Pela inobservancia de qualquer das presentes clausulas, para a qual não se tenha comminado pena especial, poderá o Governo impor multa de 500$ até 5:000$, e do dobro na reincidencia.

XXV

Si, decorridos os prazos fixados no presente contracto não quizer o Governo prorogal-os, poderá de pleno direito declarar caduco o contracto, independente de interpellação ou acção judicial, sem que a companhia tenha direito a indemnização alguma.

XXVI

A companhia não poderá transferir o presente contracto ou parte delle, sem prévia autorização do Governo.

XXVII

No caso de desaccôrdo entre o Governo e a companhia sobre a intelligencia nas presentes clausulas, será esta decidida por dous arbitros, dos quaes um nomeado pelo Governo e ontro pela companhia.

Si os arbitros nomeados não chegarem a accôrdo, cada uma das partes indicará tres nomes e a sorte designará de entre os seis o desempatador.

XXVIII

A companhia, organizada de accôrdo com as leis e regulamentos em vigor, terá representante ou domicilio legal na Republica.

As duvidas ou questões que se suscitarem entre ella e o Governo, ou entre ella e os particulares, estranhas á intelligencia das presentes clausulas, serão resolvidas de accôrdo com a legislação brazileira e pelos tribunaes brazileiros.

XXIX

A presente concessão vigorará pelo prazo de 90 annos, a contar da presente data.

Findo esse prazo, reverterão para o dominio da União, sem indemnização alguma, a estrada com todo o seu material, dependencias e bemfeitorias.

XXX

Na época fixada para a terminação da concessão, a estrada de ferro e suas dependencias deverão achar-se em bom estado de conservação.
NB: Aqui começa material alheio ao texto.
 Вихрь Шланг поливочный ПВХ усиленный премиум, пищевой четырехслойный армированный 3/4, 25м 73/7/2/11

Si no ultimo quinquennio da concessão da estrada, esta for descurada, o Governo terá o direito de applicar a receita neste serviço.

XXXI

Um anno depois da terminação dos trabalhos, a companhia entregará ao Governo uma planta cadastral de toda a estrada, bem como uma relação das estações e obras de arte e um quadro demonstrativo do custo da mesma estrada.

De toda e qualquer alteração ou acquisição ulterior será tambem enviada planta ao Governo.

XXXII

A companhia não poderá alienar a estrada ou parte desta sem prévia autorização do Governo.

XXXIII

Logo que a renda liquida exceder de 12%, o Governo terá o direito de exigir a reducção das tarifas de transporte.
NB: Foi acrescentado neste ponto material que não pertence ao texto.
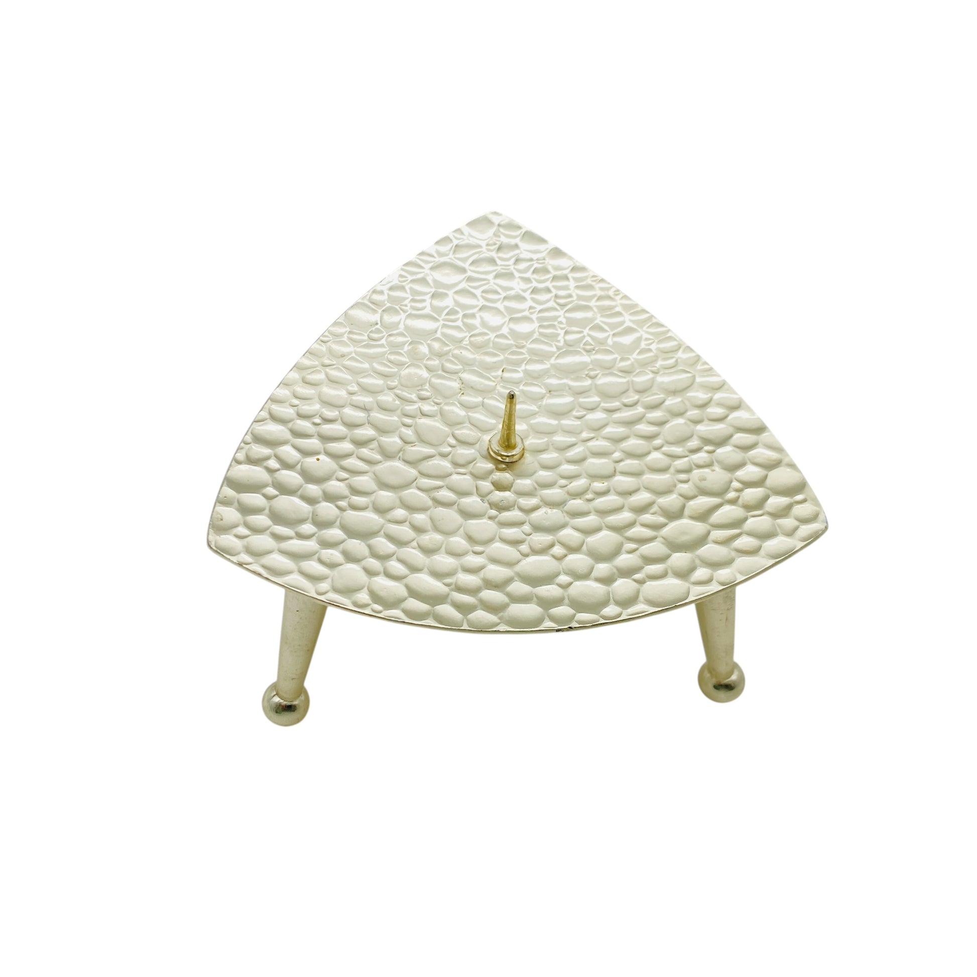 Dieser Mid Century Kerzenständer aus goldfarbenem Aluminium besticht durch seine charakteristische Hammerschlag-Optik, die den Stil der 60er und 70er Jahre authentisch widerspiegelt. Das hochwertige Material kombiniert Leichtigkeit mit Stabilität, während das dezente Vintage-Design jedem Raum eine elegante, zeitlose Atmosphäre verleiht. Ideal für Liebhaber von Mid Century Modern und Vintage-Dekorationen, setzt dieser Kerzenständer stilvolle Akzente auf jedem Tisch oder Sideboard.

Estas reducções effectuar-se-hão, principalmente, em tarifas differenciaes para os grandes percursos e nas tarifas dos generos destinados á exportação.

XXXIV

A construcção das obras não será interrompida e si o for por mais de tres mezes caducarão de pleno direito o privilegio e mais favores acima mencionados independente de acção ou interpellação judicial, salvo caso de força maior, a juizo do Governo.

A perda do privilegio e mais favores não será extensiva aos trechos da estrada já concluidos.

XXXV

Em qualquer época, decorridos os 30 primeiros annos, depois de aberta toda a linha ao trafego, poderá o Governo resgatar a presente concessão. O preço do resgate será fixado por dous arbitros, um nomeado pelo Governo e outro pela companhia, os quaes tomarão em consideração não só a importancia das obras, no estado em que estiverem sem attenderem ao custo primitivo, como tambem a renda liquida da estrada nos cinco annos anteriores.

Em nenhum caso, porém, poderá o preço do resgate, que resultar do arbitramento, exceder a uma somma, cuja renda annual da 6% seja equivalente á renda liquida média dos cinco annos anteriores.

Si os arbitros nomeados não chegarem a accôrdo, cada uma das partes indicará tres nomes e a sorte designará dentre os seis o desempatador.

XXXVI

O contracto a que se refere o presente decreto deverá ser assignado dentro de 30 dias, contados da data da sua publicação, sob pena de ficar sem effeito.

Rio de Janeiro, 24 de dezembro de 1908. – Miguel Calmon du Pin e Almeida.